Porn distorts views about teen sexuality

Research says young people get unrealistic expectations about sex from pornography

By Kansas Gibler

In the age of smart phones and easy internet access, unlimited amounts of pornography are available to just about any American at just about any time.

On average, first exposure to pornography comes at age 14 — before teens start high school, according to a 2008 study published in CyberPsychology and Behavior. For most, that also comes before any sort of sexual education or experience. And that, many worry, can create problems as students seek to form real relationships.

“Although I don’t personally watch pornography, I think that it gives people an unrealistic expectation of what women and men are supposed to look like and be sexually, even though that’s not how the real world works,” junior Amelia Dunlap said.

Health teacher Adam Green sees pornography as a threat to parents’ ability to teach their children about safe and consensual sex.

“I guess my feelings on pornography on the internet are that it’s prevalent, and if you don’t talk with your children about the subject of sex, then they’re going to get that conversation other ways,” Green said.

Green stresses the meaning of those conversations, having co-taught comprehensive sex ed at Lawrence High with his wife, Cori.

“It’s very, very important that you have that conversation,” Green said. “You don’t necessarily make that subject as taboo as what we like to. It needs to be a little bit more open to conversation. That has to start with adults. It’s not going to start with children, and it shouldn’t start with children.”

As a parent, Green says it’s apparent that students need an education about sex that goes beyond the acts portrayed in pornography. There is a popular idea that adolescents, particularly heterosexual boys, internalize sex acts portrayed in porn to be normal and expect them in relationships.

“There’s an obvious double standard that exists when it comes to talking about sex between men and women,” Green said. “I hope, speaking as a father, my wife has done a really good job of making a conversation happen with our girls. If you do that, you don’t necessarily have to worry about their roles.”

Psychologist David J Ley published “Common Sense About the Effects of Pornography” on psychologytoday.com, though it’s not his first work on pornography. Ley disagrees with the idea of “porn addiction” and with the practice of shaming those who watch porn.

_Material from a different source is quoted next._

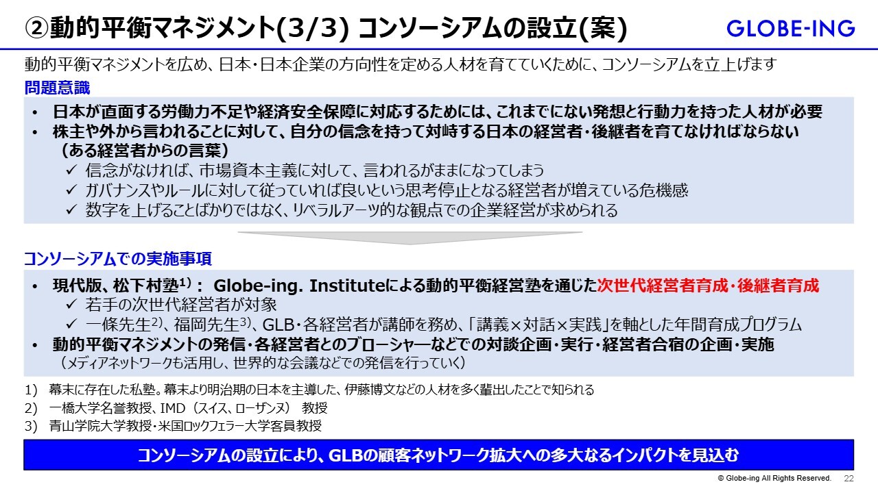 これは次世代の経営者や後継者の育成を目的としており、現代版の松下村塾を目指しています。弊社のGlobe-ing. Instituteによる「動的平衡経営塾」を通じて、若手の次世代経営者を対象に育成を担っていくことを目指します。

In an interview with The Budget, he said he believes that pornography is used as a stand-in for sex ed because students aren’t given what they want and need.

“If adequate, pragmatic, real-world sex education was happening, issues and concerns with porn would be minimized,” said Ley, whose practice is in Albuquerque. “Teens go to porn because sex education they are provided is unhelpful and unsatisfactory.”

A problem with porn standing in for sex ed is that many teens see acts and don’t realize that they are not practical in everyday, healthy sex lives.

“Sadly teens don’t understand that porn is a fantasy, just like the ‘Fast and Furious’ movies are fantasy,” Ley said. “We don’t expect people to learn to drive safely from those movies — porn is no different.”

English teacher and Young Feminist Club sponsor Shannon Draper believes that exposure to pornography before real sexual experience pushes false ideas on teens.

“I think that consuming anything that represents negative relationships involving intimacy has a negative impact on the people who consume that particular product,” Draper said. “So, for example, if students under the age of 18 are watching those things, they haven’t had their own unique, individual relationships that have an intimate component, they may believe that what they’re seeing is how those relationships should play out.”

Draper maintains that porn doesn’t show real, healthy sexual relationships.

“Most of those filmed encounters don’t have a relationship at the center of them at all,” she said. “So it can make the people who have consumed those products believe that they don’t have to have a relationship, that they can just get to that point without knowing a partner, and I think that that’s detrimental to the healthiest way to engage with each other.”

Though many believe that the availability of pornography that exploits women and shows violence against them encourages behaviors in everyday life, Ley disagrees. He said availability of porn can give viewers an outlet for those thoughts and urges.

“Consistent, careful research done around the world shows that access to pornography actually decreases rates of sexual violence — particularly in adolescent males,” he said. “Having a safe, legal, private sexual outlet decreases sex crimes, including sexual abuse. That’s a piece of this debate rarely discussed — pornography decreases rape and sexual abuse — it does not increase them.”

Still, students anticipate pressure from partners based on pornography.

“I think it can be pressuring for those in a relationship to do things they don’t want to do or in ways they don’t want to do just to live up to each other’s expectations that they’ve acquired,” junior Brendan Connor said.

As access to pornography becomes increasingly easier, sex ed can be worked around its existence, Ley said.

“What we need, is for these young people (male and female), to have support to ask questions, understand themselves, each other, and learn how to interact with each other around sex in a thoughtful, respectful and responsible way,” he said.